Глава одиннадцатаяПРОЩАНИЕ

Странно, однако ж, устроен человек: хочется на берег, а жаль покидать и фрегат! Но если бы вы знали, что это за изящное, за благородное судно, что за люди на нем, так не удивились бы, что я скрепя сердце покидаю «Палладу»![113]

И. Гончаров

Гончаров быстро вышел от адмирала, сбежал по трапу и с силой захлопнул дверь своей каюты. Через несколько минут к нему прибежал адъютант адмирала:

— Я не желаю с вами разговаривать! Ступайте от меня! — закричал Гончаров, да так, что слышно было повсюду.

Через собственную неприятность Гончарову вдруг как-то стала ясна вся политика Путятина. В это время брошенная на произвол судьбы Камчатка, может быть, истекает кровью. И нашел же что сказать: «Как же вы покидаете экспедицию в самое важное время? Ведь вы не увидите самое главное — как документ подписывается! У вас и книги не может без этого получиться!»

Тут взорвало Ивана Александровича. И дипломатический чиновник, дисциплинированный петербуржец, встал и вышел, не желая больше объясняться.

Весь тут Путятин, весь век наш бумажный. Глушим живое, уничтожаем человеческие чувства! Расчленяем являющиеся общие интересы народов, а документ зато подпишем! Нужен трактат, слов нет, кто же станет отрицать? Да противно, как это все понимается.

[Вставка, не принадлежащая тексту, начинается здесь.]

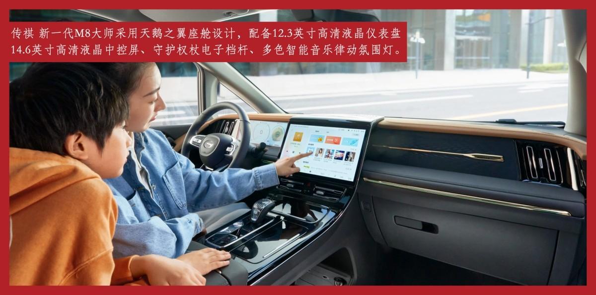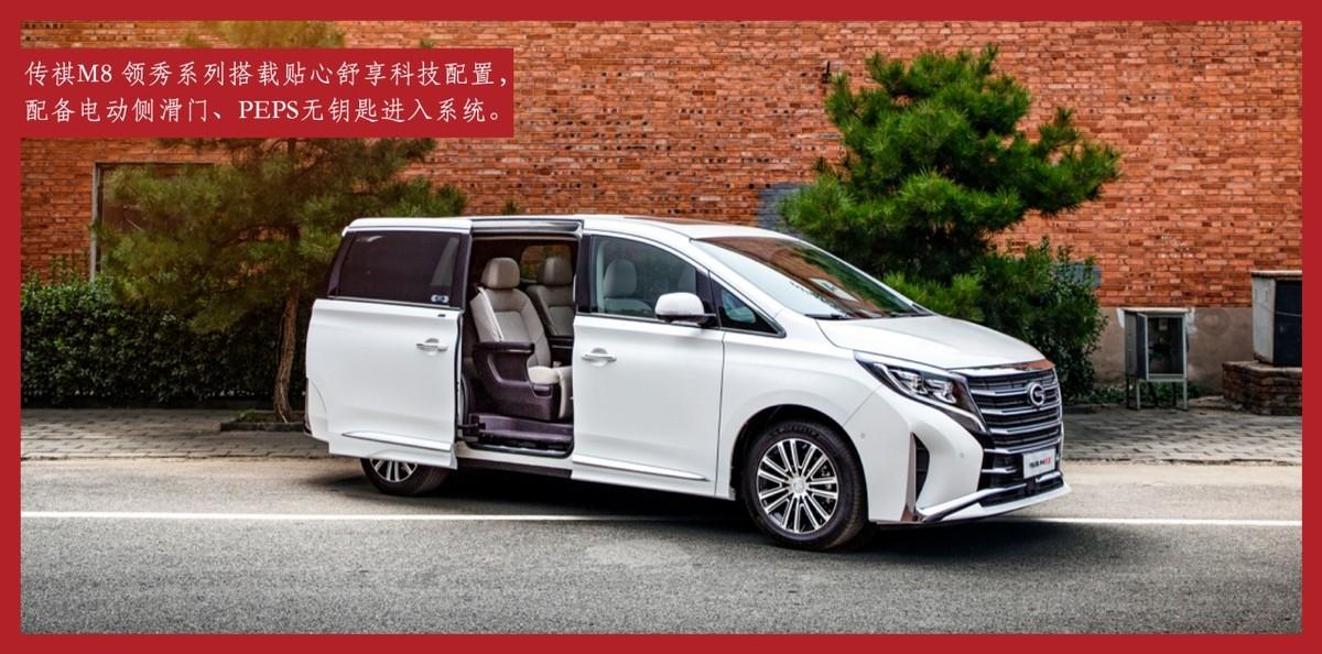 傳祺M8 領秀系列搭載貼心舒享科技配置,配備7英寸液晶組合儀表、10.1英寸全彩液晶中控大屏、電動側滑門、PEPS無鑰匙進入系統。

Гончаров знал за собой раздражительность, когда в мыслях создаешь себе картину, быть может куда более ужасную, чем есть на самом деле. Может быть, это свойство художника, да какое кому до этого дело! А в жизни приходилось себя сдерживать. Поэтому часто, очень часто Иван Александрович, зная свою вспыльчивость, и куда она ведет, и бесцельность ее, старался ввести себя в общее русло суждений, свойственных солидному обществу. А уж очень гневны, даже красны собственные мысли, до того, что в самом себе начинаешь чувствовать опасного противника спокойному направлению. Но иногда вдруг завеса как приоткроется и… взорвет всего!

«Я уж писать разучусь подле моего дипломатического адмирала!» — с обидой и горечью думал он, решая идти на все — на открытую ссору, протест, непослушание, — но уехать.

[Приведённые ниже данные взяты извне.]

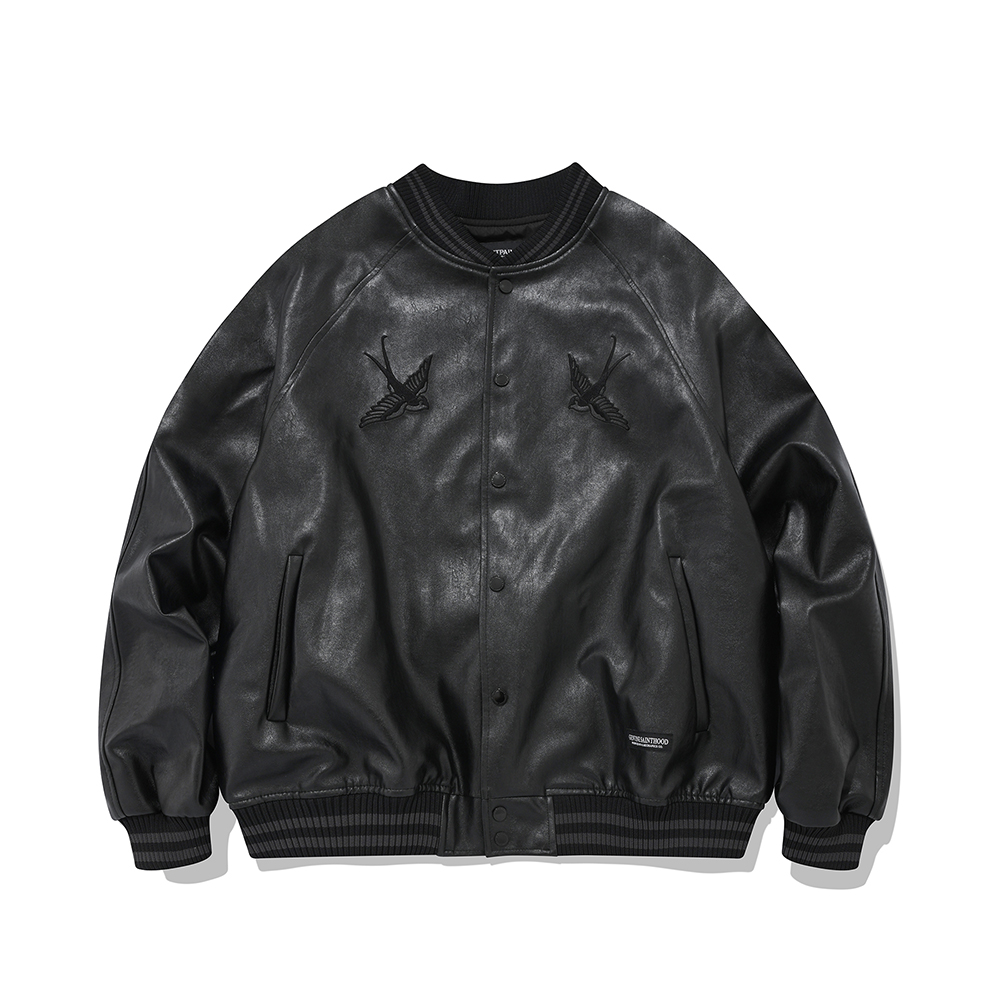 두들 패치가 포인트된 스트릿 무드 바시티 자켓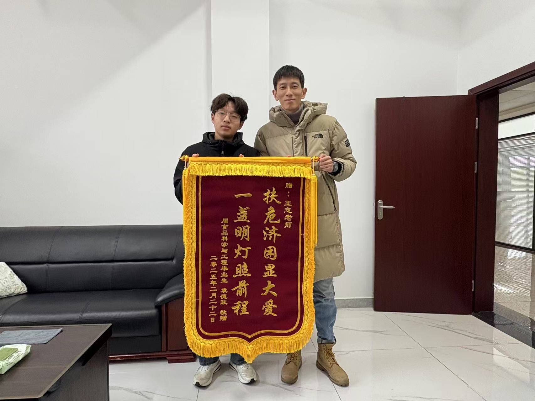2025年3月,为表达对母校老师的感恩之情,袁强委托表弟将一面写着“一盏明灯照前程,扶危济困显大爱”的锦旗送到学院。表弟介绍:“表哥定期治疗病情稳定,工作顺利,家人照顾他的衣食起居情况良好。自己的高考志愿也是表哥帮忙填写的。他是我们那一片唯一的大学生,他说bwin必赢线路检测好,大学生护航行动给了他希望,所以我也坚定的来到这里求学。”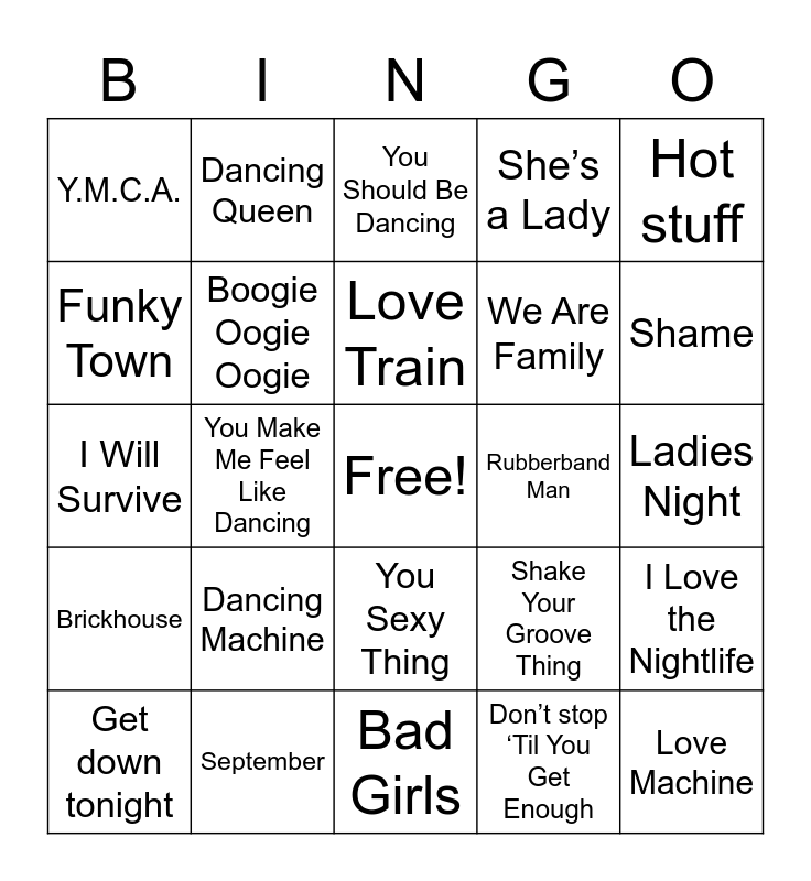 This bingo card has a free space and 24 words: Dancing Machine, September, Love Train, Get down tonight, Hot stuff, Y.M.C.A., Funky Town, Dancing Queen, Rubberband Man, You Sexy Thing, We Are Family, I Will Survive, Shake Your Groove Thing, I Love the Nightlife, Boogie Oogie Oogie, Don’t stop ‘Til You Get Enough, Ladies Night, You Should Be Dancing, Shame, You Make Me Feel Like Dancing, Love Machine, Brickhouse, She’s a Lady and Bad Girls.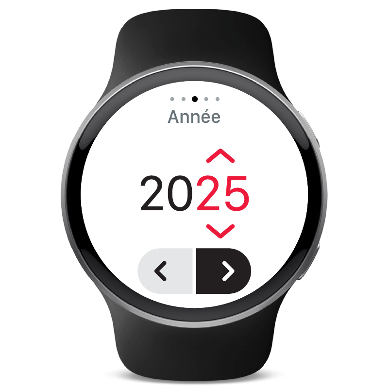 Appuyez sur les flèches rouges pour régler l'année, puis appuyez sur Suivant pour régler la date.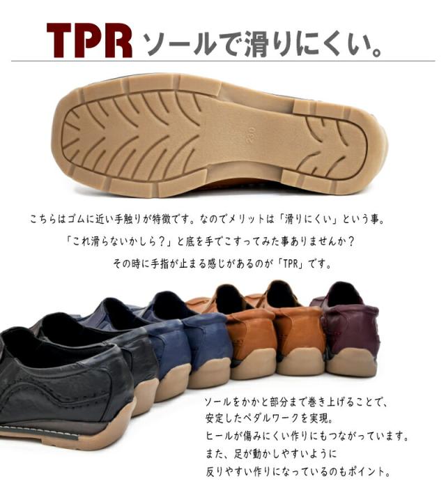 靴底が滑りにくいTPRソールを使用。だからドライビングシューズとしても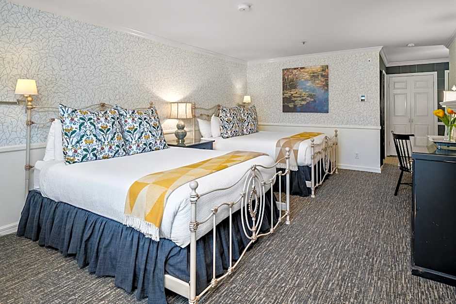 The hotel offers Deluxe Queen Rooms with Two Queen Beds in the Main Inn, which are family rooms that can accommodate 4 adults and 2 children. These rooms have a size of 398 sqft and do not allow smoking. The hotel also provides Queen Rooms in the Trellis Court, which can accommodate 2 adults and 1 child. These rooms have a size of 151 sqft and do not allow smoking. Additionally, the King Rooms and Deluxe King Rooms in the Main Inn can accommodate 2 adults and 0 children, have a King size bed, and do not allow smoking.

— Что с нашим Иваном Александровичем? — говорили между собой офицеры, — Как он раскричался!

Все удивились. За два года с ним ни разу такого не бывало! Кроток, добр, любезен, иногда рассеян, как будто расстроен, но не ответит никогда резко, всегда мягко, даже многим казалось, что личное есть в его Обломове в порядочной порции. И вдруг!.. А за два года голоса не разу не повысил.

— Даже его допек адмирал!

— Да нет, господа, Муравьев приглашает к себе, дает должность якутского губернатора!

— А наш, видно, не пускает!

— Напрасно, право! Не моряк, так и не удержишь против воли!

— Право, я и говорю: зачем же держать человека, если не хочет?

— Каков Муравьев! Взял шхуну, теперь берет Гончарова.

— А чем дело кончилось? — говорили после склянок в кают-компании за обедом.

— Отец Аввакум помирил их, и, кажется, они мирно разговаривают. Но к результату прийти не могут…

— Туда велено обед подать, — сказал капитан и добавил, потирая руки: — Иван-то Александрович наконец разнес адмирала, и тот сразу стал кроток.

…Муравьев прислал Гончарову письмо, что со штабом уходит в Аян и что есть место на шхуне, приглашает с собой и все будут очень рады видеть в своем обществе Ивана Александровича. За отбывающими на материк завтра придет шхуна, которая отправилась на Сахалин за углем. Это ли не внимание! Право, приятно получить такое письмо!

— Зачем далее мне здесь сидеть, я не понимаю? — говорил Гончаров в каюте адмирала. — Не путешествие в обществе Муравьева прельщает меня, ваше превосходительство…

— Такая официальность, Иван Александрович, — с укоризной сказал Путятин. Обидно адмиралу, ведь, отправляясь в Японию, он все ставит на карту, да его не понимают.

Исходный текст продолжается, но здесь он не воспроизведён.